== STORED DATA ==
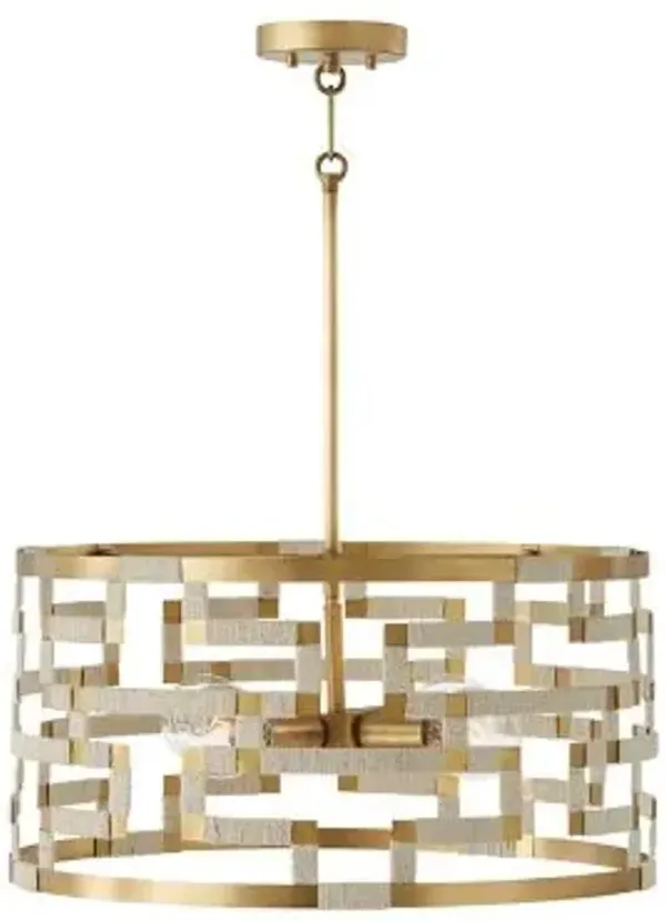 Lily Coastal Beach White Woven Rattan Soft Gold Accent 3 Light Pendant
===
== STORED DATA ==
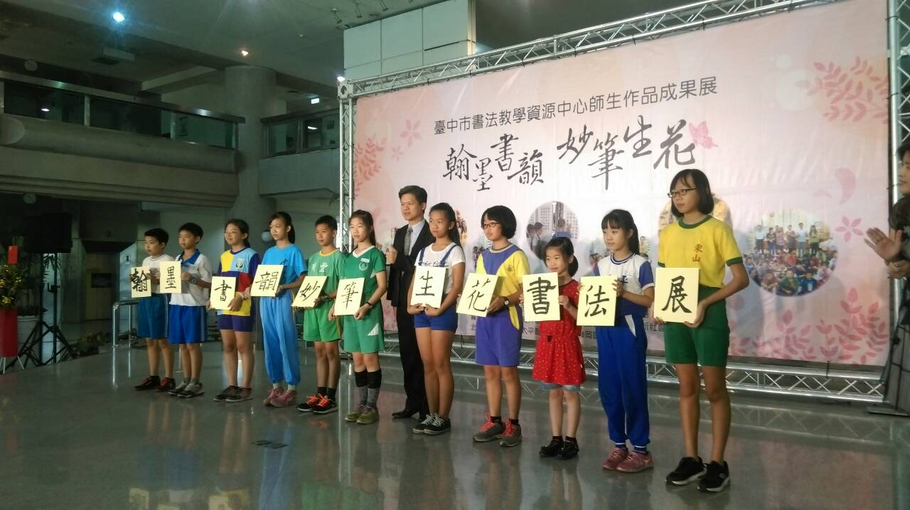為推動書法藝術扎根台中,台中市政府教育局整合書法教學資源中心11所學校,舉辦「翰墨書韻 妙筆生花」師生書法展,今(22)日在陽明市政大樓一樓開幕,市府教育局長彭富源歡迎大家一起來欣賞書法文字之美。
===
== STORED DATA ==
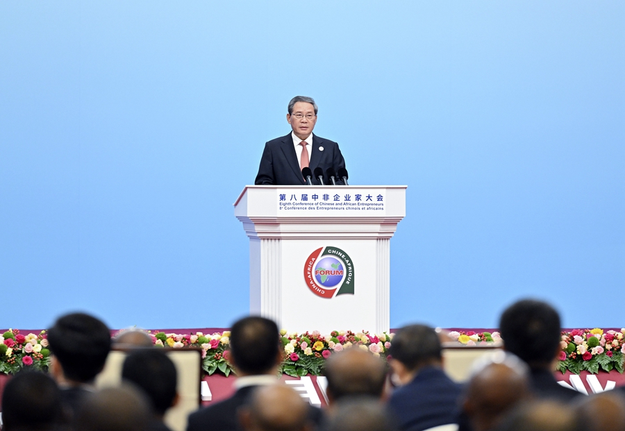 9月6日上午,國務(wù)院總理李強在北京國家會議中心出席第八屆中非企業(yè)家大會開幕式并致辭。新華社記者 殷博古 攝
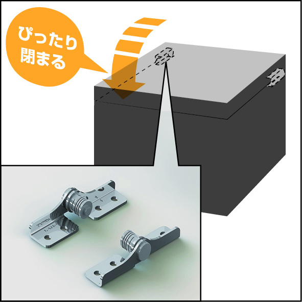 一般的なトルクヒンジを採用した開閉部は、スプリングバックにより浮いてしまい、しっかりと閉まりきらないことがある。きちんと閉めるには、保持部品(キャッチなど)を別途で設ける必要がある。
===
- **WHAT IS REQUIRED**
Output exactly the lines above that lie between the line with "9月6日上午,國務(wù)院總理李強在北京國家會議中心出席第八屆中非企業(yè)家大會開幕式并致辭。新華社記者 殷博古 攝" and the line with "一般的なトルクヒンジを採用し", those two lines included, and no pictures.

- **ANSWER**
 9月6日上午,國務(wù)院總理李強在北京國家會議中心出席第八屆中非企業(yè)家大會開幕式并致辭。新華社記者 殷博古 攝
 一般的なトルクヒンジを採用した開閉部は、スプリングバックにより浮いてしまい、しっかりと閉まりきらないことがある。きちんと閉めるには、保持部品(キャッチなど)を別途で設ける必要がある。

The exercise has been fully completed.